3. This implies that rational beliefs have to respect the (known) evidence. For example, a person who has irrefutable evidence that it is raining and therefore knows (believes that the probability is 1) that it is raining, but also believes that it is fine, fails to respect the evidence and necessarily holds internally inconsistent beliefs.

4. I am grateful to Ken Binmore for pointing this out to me.

5. Kreps (1988) has provided an excellent summary of Savage's theory, although Savage's (1954) own account is brief and lucid.

6. To a psychologist, revealed preference theory explains too little, because there are other sources of information about preferences apart from choices, and too much, because there are other factors apart from preferences that determine choices – see the devastating “rational fools” article by Sen (1978).

7. The possibility of systematic irrationality, or of demonstrating it empirically, has been questioned, notably by Broome (1991), Cohen (1981), and Stein (1996).

8. See, for example, Bicchieri (1993, Chs. 2, 3); Colman (1997; 1998); Cubitt and Sugden (1994; 1995); Hollis and Sugden (1993); McClennen (1992); Sugden (1991b; 1992). The common knowledge assumptions are sometimes relaxed in recent research (e.g., Aumann & Brandenburger 1995).

9. In other circumstances, experimental evidence suggests that human reasoners do not even come close to full common knowledge (Stahl & Wilson 1995).

10. The theory is determinate for every strictly competitive (finite, two-person, zero-sum) game, because if such a game has multiple equilibria, then they are necessarily equivalent and interchangeable, but this does not hold for other games.

11. See Colman (1995a, pp. 169–75) for a simple example of an empty core in Harold Pinter's play, The Caretaker.

12. Even Hume nods. Port comes from Portugal, of course.

13. Janssen's (2001b) principle of individual team member rationality is slightly weaker (it does not require equilibrium): “If there is a unique strategy combination that is Pareto-optimal, then individual players should do their part of the strategy combination” (p. 120). Gauthier's (1975) principle of coordination is slightly stronger (it requires both equilibrium and optimality): “In a situation with one and only one outcome which is both optimal and a best equilibrium … it is rational for each person to perform that action which has the best equilibrium as one of its possible outcomes” (p. 201).
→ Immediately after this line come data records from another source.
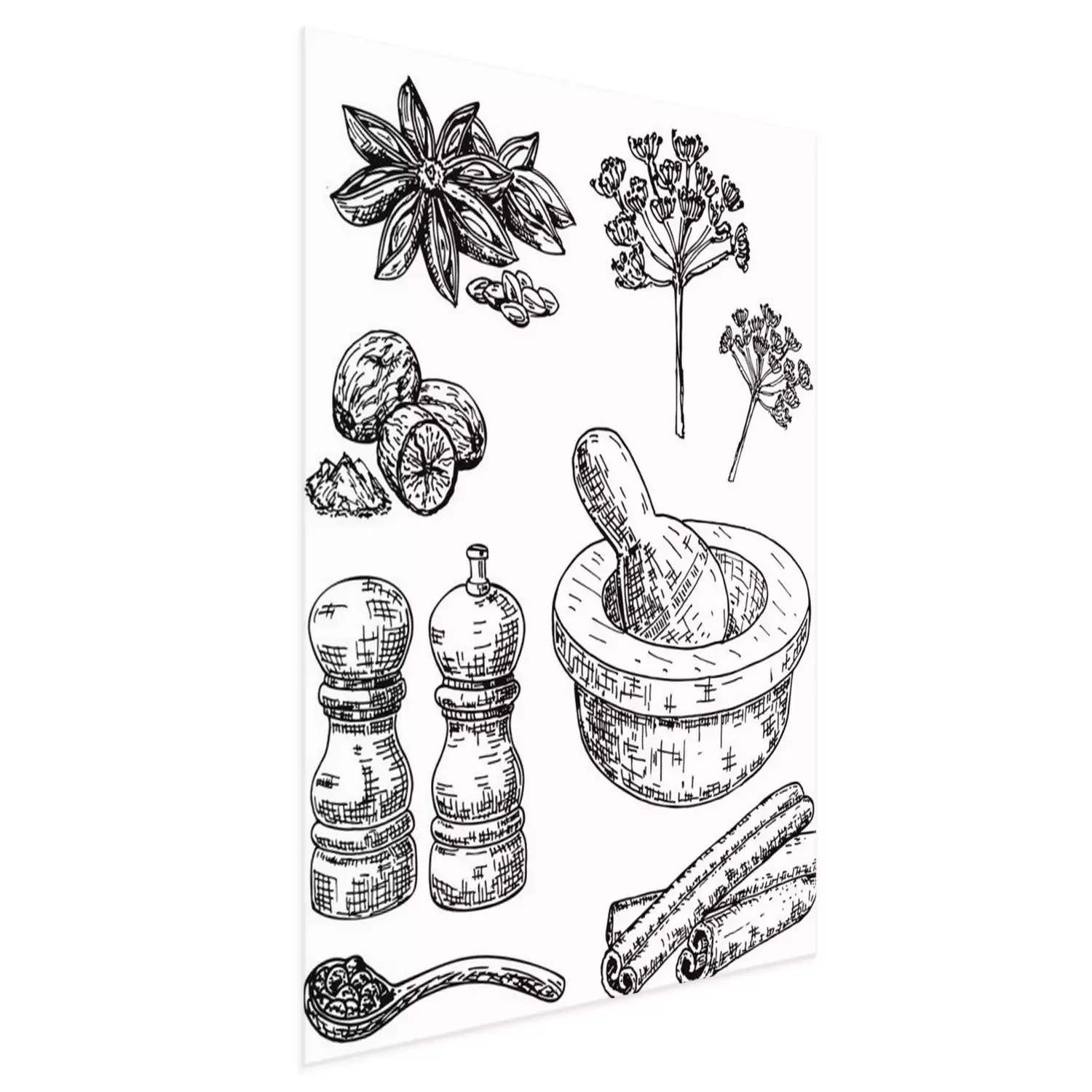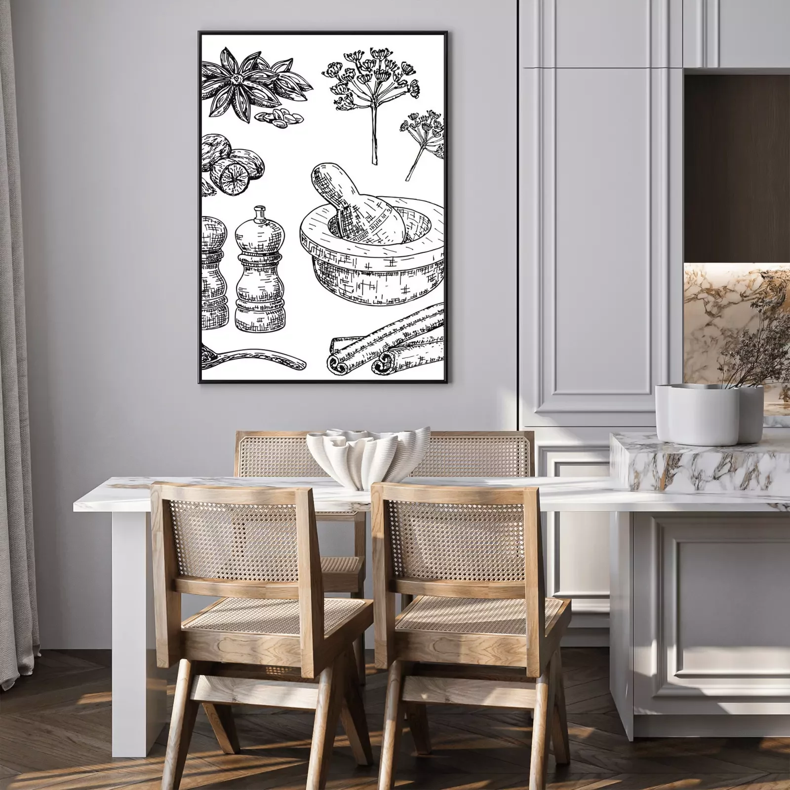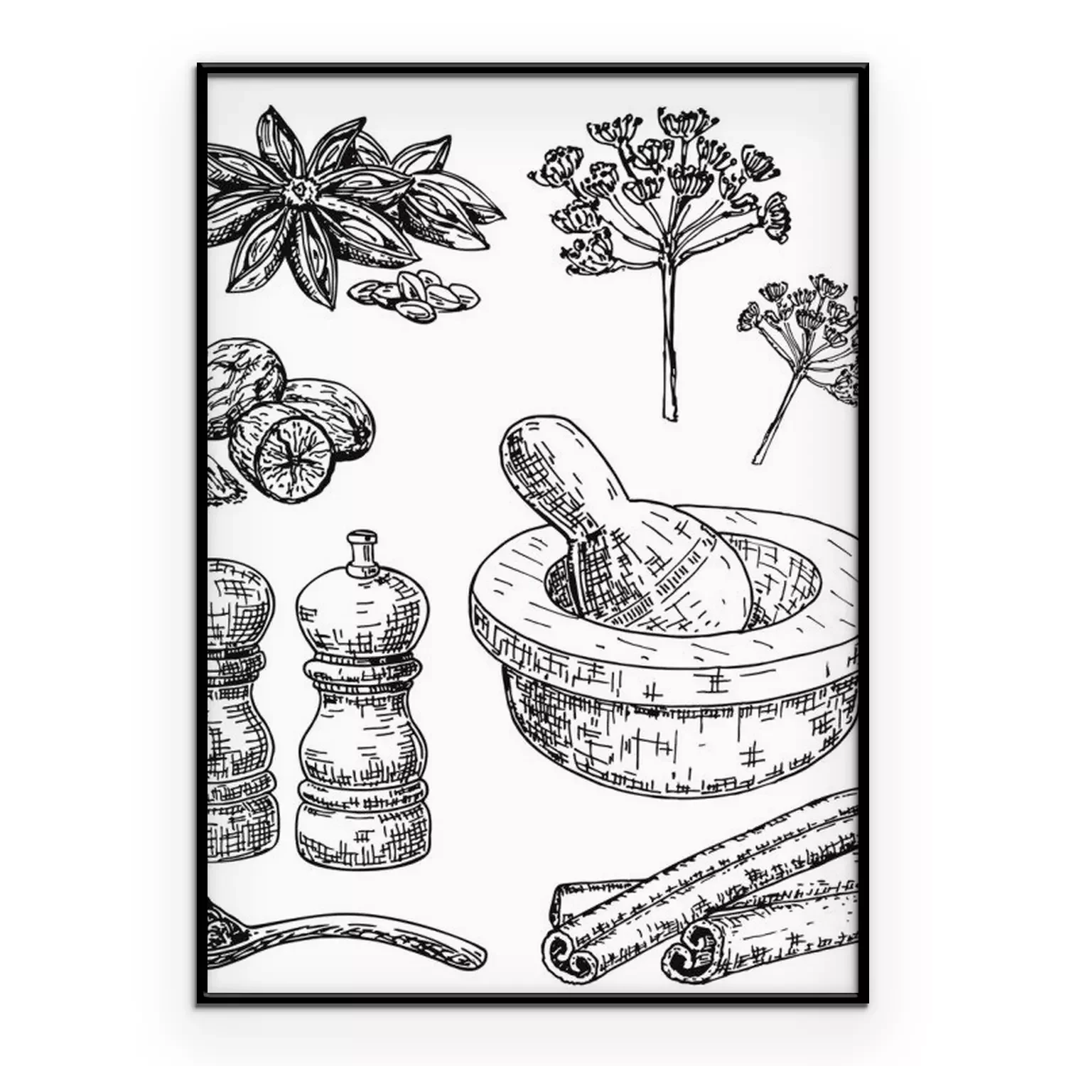 Poster  Ensemble d'herbes et d'épices culinaires dessinés à la main Vector encre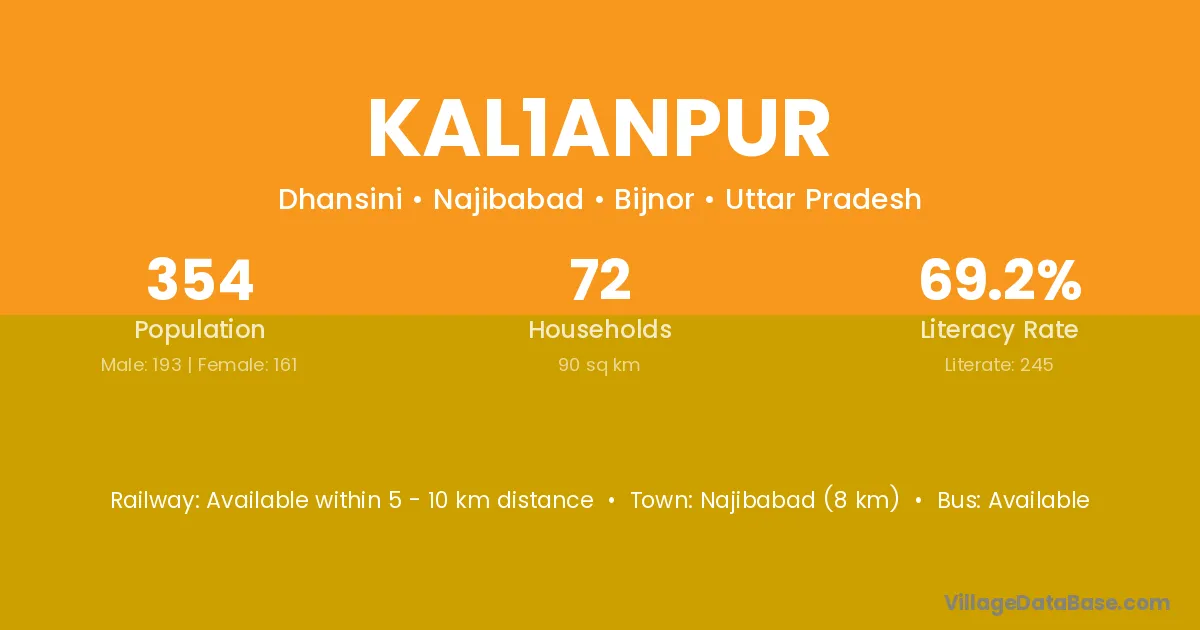 Najibabad (8 km) is the nearest town to Kal1anpur village for major economic activities and is located approximately 8 km away.
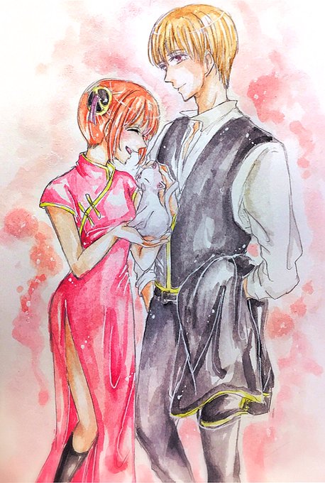 久しぶりの水彩🌸 ふと優しい目で神楽を見つめる沖田総悟、、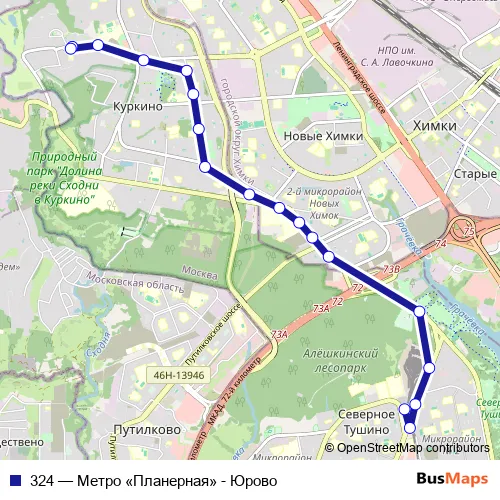 See why over 2 million users trust and consider busmaps.com as the best public transport website. busmaps gives you Khimki Buses suggested routes, real-time bus tracker, line route maps in Khimki, and helps to find the closest 324 bus stops near you. No internet available? Download an offline PDF map and bus schedule for the 324 bus to take on your trip.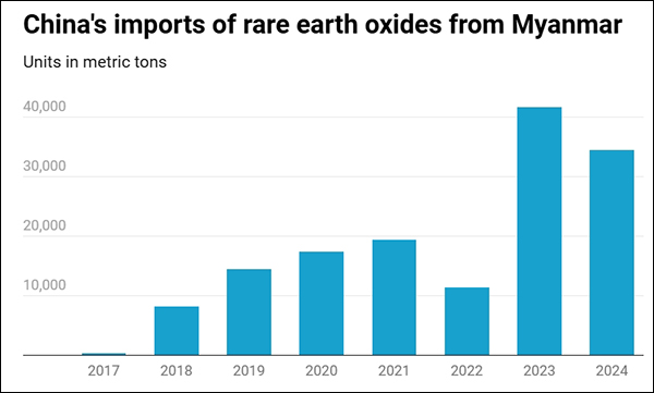 在今年4月的貿易戰中率先“眨眼”後,特朗普政府被曝考慮從緬甸獲取稀土供應,圖為近年來中國從緬甸進口的稀土氧化物數額 單位:公噸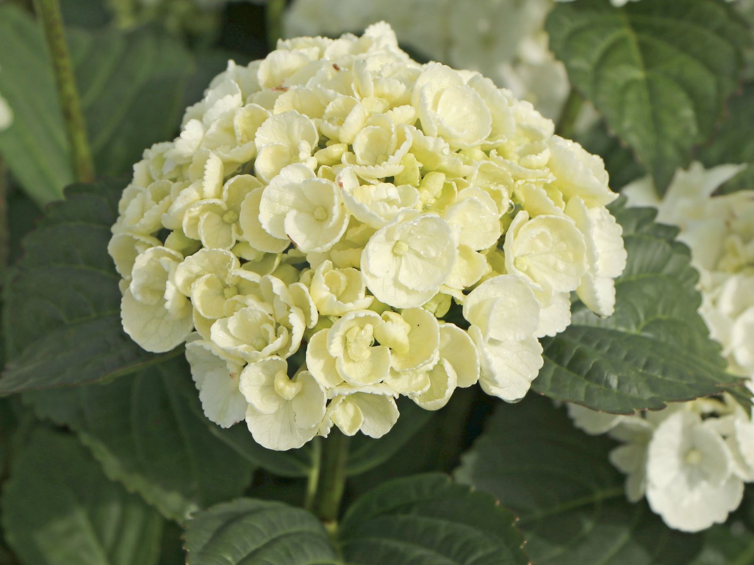Die Ballhortensie Royalty ® Collection 'Curly Wurly ® White' zieht mit ihren gekräuselten, muschelförmigen Blüten alle Blicke auf sich. Auf ihren großen Blütendolden drängen sich schneeweiße Blütenbecher dicht zusammen und erzeugen einen bewegten Eindruck. Die unebene Oberfläche der Blütenbälle unterscheidet diese exklusive Selektion deutlich von dem bekannten Bild einer Hortensienblüte. Seine Individualität führt der maximal 125 cm hohe Halbstrauch gerne als Solitärpflanze an einem zentralen Punkt im Garten vor. Halbschattige Balkone und Terrasse lassen sich mit einer (bot.) Hydrangea macrophylla Royalty ® Collection 'Curly Wurly ® White' wirkungsvoll aufwerten. Magische Effekte entstehen, wenn der Halbstrauch unter Gehölzen steht. Weiße Blüten leuchten im Dämmerlicht hell auf und verlängern das abendliche Gartenvergnügen. Das großblättrige Laub dieser einzigartigen Pflanze ordnet sich mit seinem warmen dunkelgrünen Ton unauffällig in eine bestehende Gehölzgruppe ein. Ihre sensationellen gekräuselten Schaublüten ziehen in jeder Pflanzsituation bewundernde Blicke auf sich.

14. If e and f are any two equilibrium points in a game, then e risk-dominates f if and only if the minimum possible payoff resulting from the choice of the strategy corresponding to e is strictly greater for every player than the minimum possible payoff resulting from the choice of the strategy corresponding to f. According to Harsanyi and Selten's (1988) risk-dominance principle, if one equilibrium point risk-dominates all others, then players should choose its component strategies. It is used when subgame perfection and payoff dominance fail to yield a determinate solution.

15. According to the sure-thing principle, if an alternative ai is judged to be as good as another aj in all possible contingencies that might arise, and better than aj in at least one, then a rational decision maker will prefer ai to aj. Savage's (1954) illustration refers to a person deciding whether or not to buy a certain property shortly before a presidential election, the outcome of which could radically affect the property market. “Seeing that he would buy in either event, he decides that he should buy, even though he does not know which event will obtain” (p. 21).

16. I am grateful to Werner Güth for this insight.